Distributed Execution

If you want to execute on a single node, but using multiprocessing (i.e. Distributed.jl), then you can start Julia with

julia --project -p 8

To start Julia with 8 workers. Alternatively, you can add processes while running:

using Distributed

As long as nworkers() show more than one worker, then your execution of trials will occur in parallel, across these workers.

Configuring SLURM

SLURM is one of the most popular schedulers on HPC clusters, which we can integrate with Distributed.jl to spawn our workers automatically. See this gist for some scripts to make this process easier.

Let's start with spawning your processes:

using Distributed
using ClusterManagers
num_tasks = parse(Int, ENV["SLURM_NTASKS"]) # One process per task
cpus_per_task = parse(Int, ENV["SLURM_CPUS_PER_TASK"]) # Assign threads per process

You can check out ClusterManagers.jl for your own cluster software if you are not using SLURM, but the process will be similar to this.

Once this has been done, simply include your file which configures and runs your experiment using DistributedMode execution mode as detailed above and save in a file like run_script.jl.

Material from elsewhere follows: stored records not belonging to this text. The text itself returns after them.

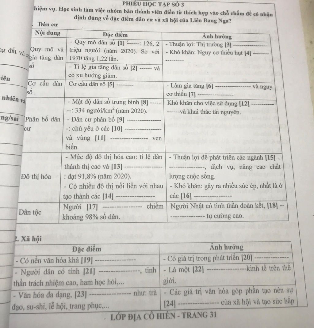 1. Dân cưNội dung Đặc điểmẢnh hưởngQuy mô và gia tăng dân số- Quy mô dân số [1] lớn: 126,2 triệu người (năm 2020). So với 1970 tăng 1,22 lần.
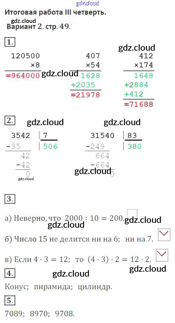 Ответ на задание 49 Тетрадь для контрольных работ Математика за 4 (четвертый) класс Рудницкая, Юдачева Начальная школа XXI века 2018
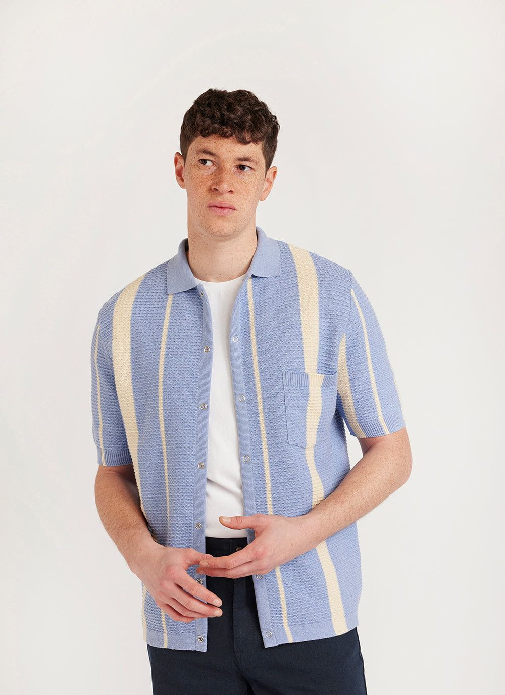 Men S Short Sleeve Knitted Shirt Adaman Breeze Blue Percival Menswear
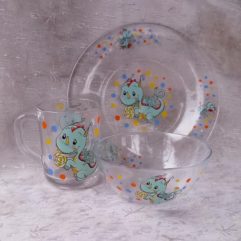 Детский стеклянный столовый набор "Дракончик" укомплектован 3 предметами - чашка, глубокая тарелка и мелкая тарелка. Набор изготовлен из качественного, прочного стекла и имеет замечательный декор, который порадует Вашего ребенка и сделает завтрак, обед или ужин приятным и интересным. В набор входит 3 предмета: - тарелка мелкая диаметром 19,5 см; - тарелка глубокая диаметром 13 см; - чашка объемом 230 мл. Такому яркому и красочному набору ребёнок всегда будет рад, а приём пищи будет для него особенным. Такая посуда незаменима в период роста и развития ребёнка. К тому же стекло отменного качества, из которого изготовлена эта посуда - это очень практичный и экологически чистый материал, а качественно нанесённый рисунок выполнен из абсолютно безопасных элементов. Также легко моется в посудомоечных машинах.
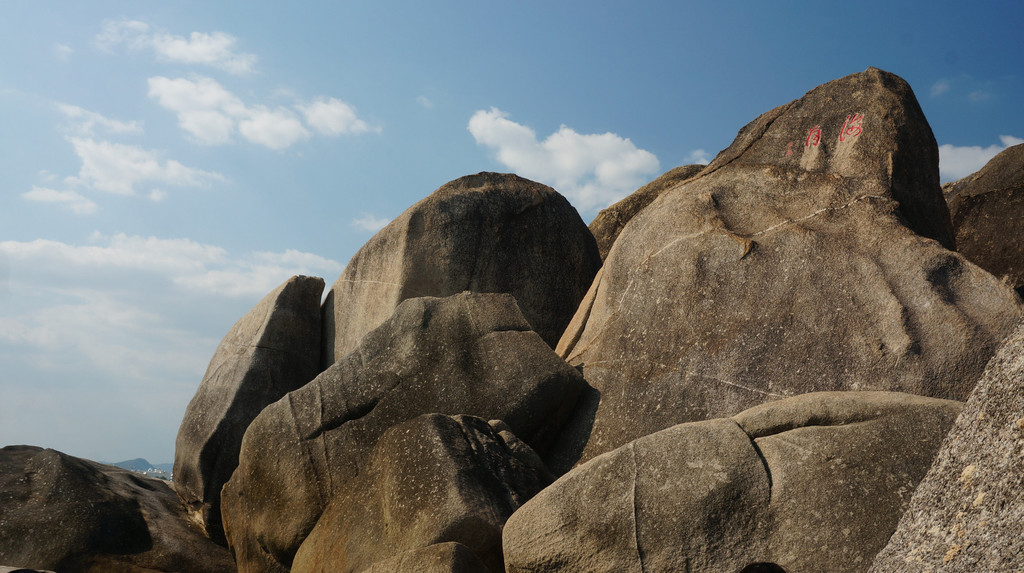 石景“玉兰含苞”本是一块椭圆形的花岗石,在漫长的海蚀风化过程中,依自身重力分裂成几瓣,形成了含苞欲放的玉兰花似的奇特造型,堪称大自然鬼斧神工的杰作。
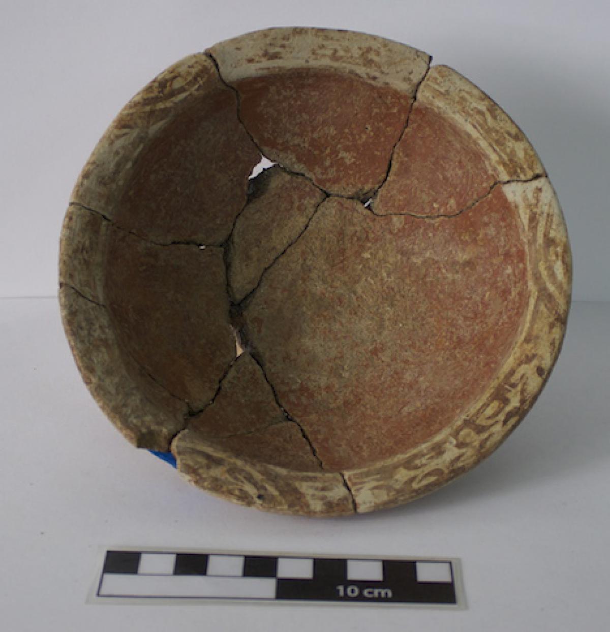 3658 - Cuenco de base plana, paredes ligeramente convexas y borde engrosado hacia el exterior, con engobe rojo externo y blanco interno, decorado con un panel central con la representación de un (...
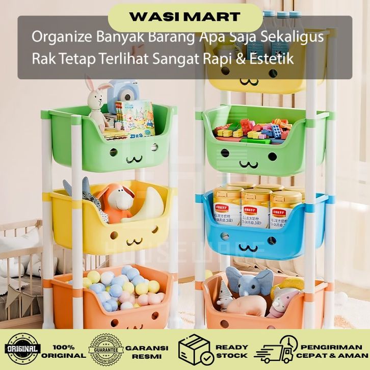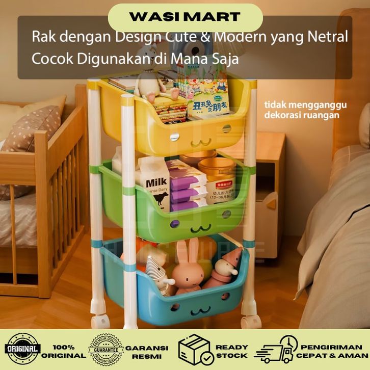 HUGO Rak Troli Susun Macaron Rak Dapur Serbaguna Rak Mainan Anak Pastel Rak Penyimpanan Buku Serbaguna dengan Roda
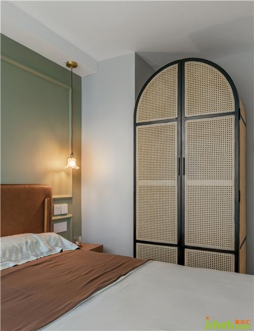 房間墻面采用PU線條和莫蘭迪綠色墻漆,搭配黑色鐵藝家具,拱形衣柜、暖色光源壁燈,營(yíng)造出溫暖的光影氛圍。

For SLURM, you can make a slurm script to submit, for example:


#SBATCH --ntasks=8
#SBATCH --cpus-per-task=4
#SBATCH --mem-per-cpu=2G
#SBATCH --time=00:30:00

module load julia/1.8.2

julia --project run_script.jl

which can be saved to launch_experiment.sh and run with sbatch launch_experiment.sh. Note that you may need to include addition SBATCH directives like --account on your cluster. Check your cluster's documentation for more information.